At Neustift Abbey, we are celebrating this anniversary with a diverse programme of exhibitions, artistic interventions and accompanying events. Contemporary photographers and artists engage with the medium in all its facets, opening up new perspectives on our relationship with one another, with the world around us and with the images that shape our perception.





RELATIONES – Photographic Explorations

27 June – 31 August



Featuring: Anna Anvidalfarei, Julia Bornefeld, Florian Borkenhagen, Karin Ferrari, Michael Fliri, Werner Gasser, Heinz Innerhofer & Christina Auer, Giancarlo Lamonaca, Katharina Mayr, Sissa Micheli, Anuschka Prossliner, Karin Schmuck, Michael Schmücking, Othmar Seehauser, Tiberio Sorvillo, Nicole Weniger, Gustav Willeit, Marko Zink.

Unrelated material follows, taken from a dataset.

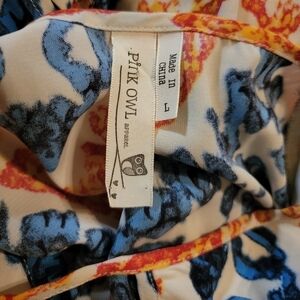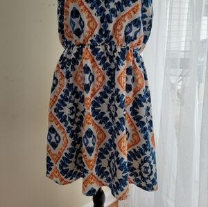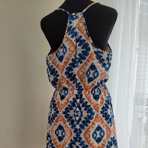 EUC Pink Owl racerback dress. Fun blue and orange print. Cute back button details. Measures flat 18.5" underarm seam to seam. Elastic waist measures 14.5" flat unstretched. Lined skirt is 19" from waist to hem. Pair with a jean jacket to wear more seasons! Size L.

Curated by Sandra Mutschlechner





COMMUNITAS – Traces of Community

8 May – 25 July



As part of Photography Year 2026, the Abbey Museum presents, under the patronage of Paul Renner and in collaboration with the photography museum WestLicht Vienna, contemporary photographic positions that engage with the theme of community and its meaning between cohesion, identity, ritual, and boundaries.

COMMUNITAS – Traces of Communitywith works by

FRANCESCA CATASTINI

LORENZO BRIVIO

PETER & MIRIAM RANEBURGER

CHRISTIAN EISENBERGER





NATURA VIVA

13 June – 31 July



This artistic work, consisting of photographs, stemmed out of deep concern for the small living beings with whom we share our world. Our behaviour towards animals is the result of anthropocentrism — a sense of superiority of the human species that has grown stronger over millennia and culminates in the relationship we maintain today with nature and our fellow creatures.